▶ What the exercise asks
Gather, from the data below, each line in which the word "with" occurs.

▶ Information provided
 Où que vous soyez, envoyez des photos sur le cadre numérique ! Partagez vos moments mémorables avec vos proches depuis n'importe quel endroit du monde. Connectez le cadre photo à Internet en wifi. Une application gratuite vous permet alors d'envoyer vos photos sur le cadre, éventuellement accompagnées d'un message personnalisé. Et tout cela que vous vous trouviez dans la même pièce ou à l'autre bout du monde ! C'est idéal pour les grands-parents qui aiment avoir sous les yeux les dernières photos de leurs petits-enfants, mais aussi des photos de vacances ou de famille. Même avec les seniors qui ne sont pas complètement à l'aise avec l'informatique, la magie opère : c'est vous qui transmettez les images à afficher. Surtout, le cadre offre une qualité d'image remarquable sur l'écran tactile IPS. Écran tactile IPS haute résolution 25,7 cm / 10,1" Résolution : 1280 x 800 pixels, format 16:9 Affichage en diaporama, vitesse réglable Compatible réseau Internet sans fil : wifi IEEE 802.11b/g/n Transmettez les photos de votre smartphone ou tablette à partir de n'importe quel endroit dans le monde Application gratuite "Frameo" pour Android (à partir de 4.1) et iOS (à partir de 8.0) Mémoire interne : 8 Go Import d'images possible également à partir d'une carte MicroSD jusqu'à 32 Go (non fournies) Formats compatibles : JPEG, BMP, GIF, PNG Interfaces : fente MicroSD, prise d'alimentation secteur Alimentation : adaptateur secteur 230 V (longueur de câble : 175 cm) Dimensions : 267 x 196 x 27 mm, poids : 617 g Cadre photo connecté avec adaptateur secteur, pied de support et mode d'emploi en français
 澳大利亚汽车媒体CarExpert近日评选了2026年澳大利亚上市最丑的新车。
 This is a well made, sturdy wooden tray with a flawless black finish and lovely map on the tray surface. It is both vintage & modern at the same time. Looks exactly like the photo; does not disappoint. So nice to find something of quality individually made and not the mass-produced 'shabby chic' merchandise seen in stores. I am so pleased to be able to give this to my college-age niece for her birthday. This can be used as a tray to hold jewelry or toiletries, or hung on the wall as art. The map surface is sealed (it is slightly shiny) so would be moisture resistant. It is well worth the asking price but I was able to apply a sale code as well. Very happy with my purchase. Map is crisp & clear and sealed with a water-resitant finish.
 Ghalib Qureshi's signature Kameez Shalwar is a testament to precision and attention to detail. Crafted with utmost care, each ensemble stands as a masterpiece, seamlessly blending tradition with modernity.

▶ Solution for this exercise
 This is a well made, sturdy wooden tray with a flawless black finish and lovely map on the tray surface. It is both vintage & modern at the same time. Looks exactly like the photo; does not disappoint. So nice to find something of quality individually made and not the mass-produced 'shabby chic' merchandise seen in stores. I am so pleased to be able to give this to my college-age niece for her birthday. This can be used as a tray to hold jewelry or toiletries, or hung on the wall as art. The map surface is sealed (it is slightly shiny) so would be moisture resistant. It is well worth the asking price but I was able to apply a sale code as well. Very happy with my purchase. Map is crisp & clear and sealed with a water-resitant finish.
 Ghalib Qureshi's signature Kameez Shalwar is a testament to precision and attention to detail. Crafted with utmost care, each ensemble stands as a masterpiece, seamlessly blending tradition with modernity.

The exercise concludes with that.